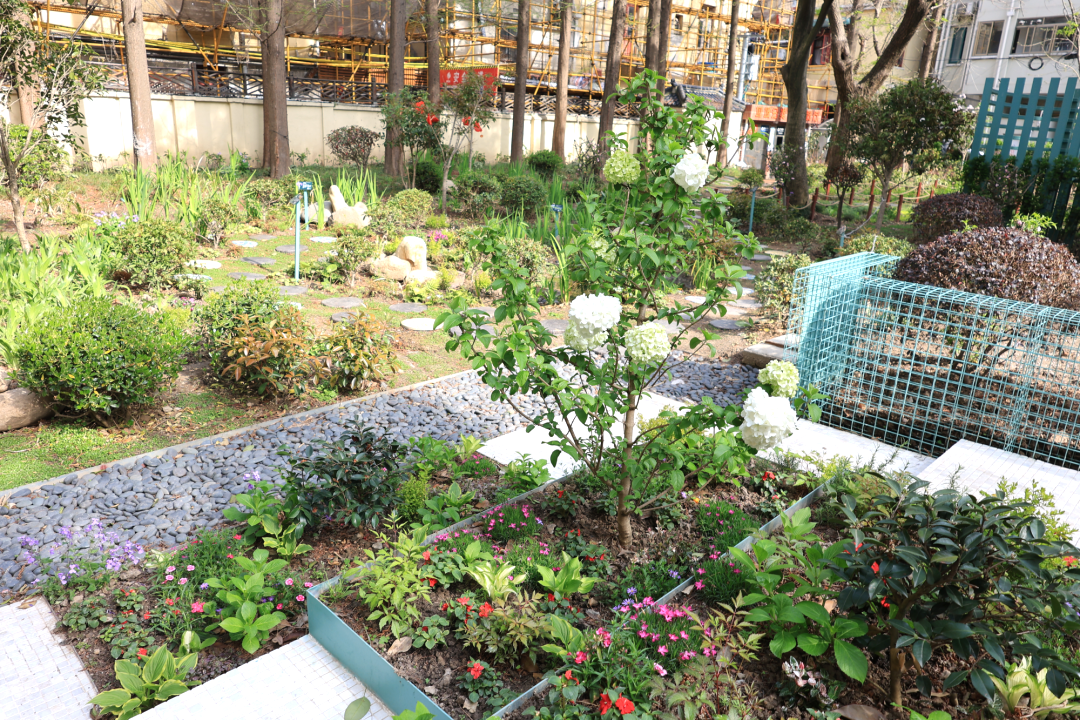 这派春日美景的背后是绿八社区4位热心志愿者无私的付出他们自掏腰包购买几百株苗木并在专业园艺师的指导下以法国印象派大师莫奈笔下的花园为设计蓝图将大家的构想变为了现实
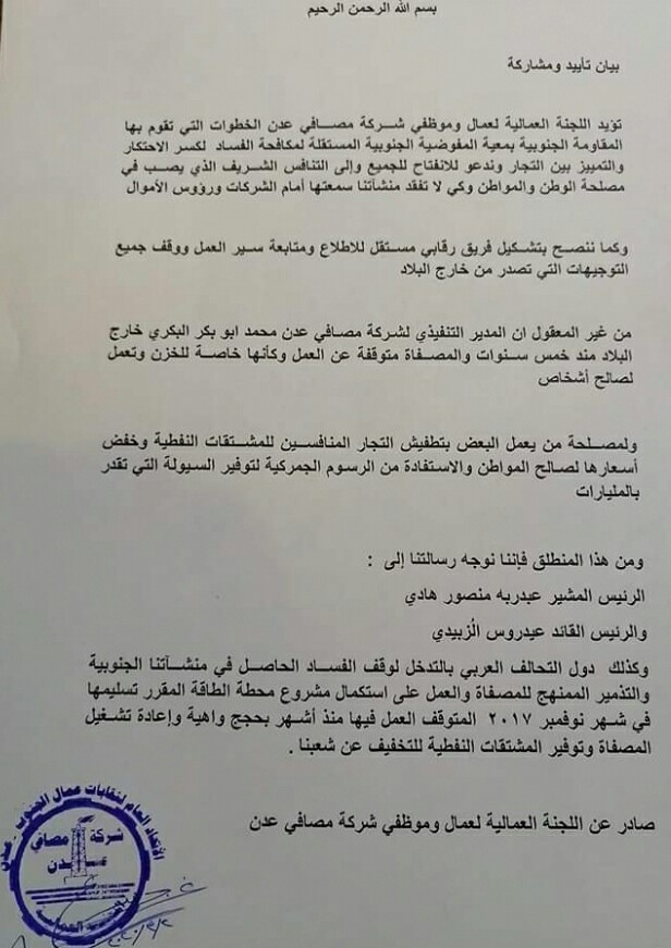 وناشد البيان الرئيس عيدروس الزُبيدي رئيس المجلس الانتقالي الجنوبي والرئيس اليمني المؤقت عبدربه منصور هادي وقيادات التحالف العربي بالتدخل لوقف الفساد في المنشآت الجنوبية والتدمير الممنهج للمصفاة.
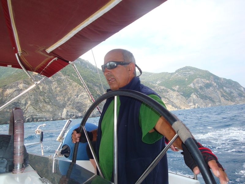 Мы плавали искать дельфинов с капитаном Васúлисом на яхте, это был наш первый опыт и первый шторм в 5 баллов. Яхту бросало из стороны в сторону, и нам приходилось упираться ногами выступы на палубе и судорожно хвататься руками за поручни (некоторые сразу выбыли из строя с морской болезнью). Все по очереди порулили в штормовых условиях и прошли «боевое крещение», но диплом получил только средний сын за отвагу и способности к мореходству. Васúлис – бывалый капитан, ловкий и проворный, как краб, успевал всё.

__________________________________________________

• **Try it**:
Each line above must be set down exactly, though no picture should be carried over.

• **Expected answer**:
 这派春日美景的背后是绿八社区4位热心志愿者无私的付出他们自掏腰包购买几百株苗木并在专业园艺师的指导下以法国印象派大师莫奈笔下的花园为设计蓝图将大家的构想变为了现实
 وناشد البيان الرئيس عيدروس الزُبيدي رئيس المجلس الانتقالي الجنوبي والرئيس اليمني المؤقت عبدربه منصور هادي وقيادات التحالف العربي بالتدخل لوقف الفساد في المنشآت الجنوبية والتدمير الممنهج للمصفاة.
 Мы плавали искать дельфинов с капитаном Васúлисом на яхте, это был наш первый опыт и первый шторм в 5 баллов. Яхту бросало из стороны в сторону, и нам приходилось упираться ногами выступы на палубе и судорожно хвататься руками за поручни (некоторые сразу выбыли из строя с морской болезнью). Все по очереди порулили в штормовых условиях и прошли «боевое крещение», но диплом получил только средний сын за отвагу и способности к мореходству. Васúлис – бывалый капитан, ловкий и проворный, как краб, успевал всё.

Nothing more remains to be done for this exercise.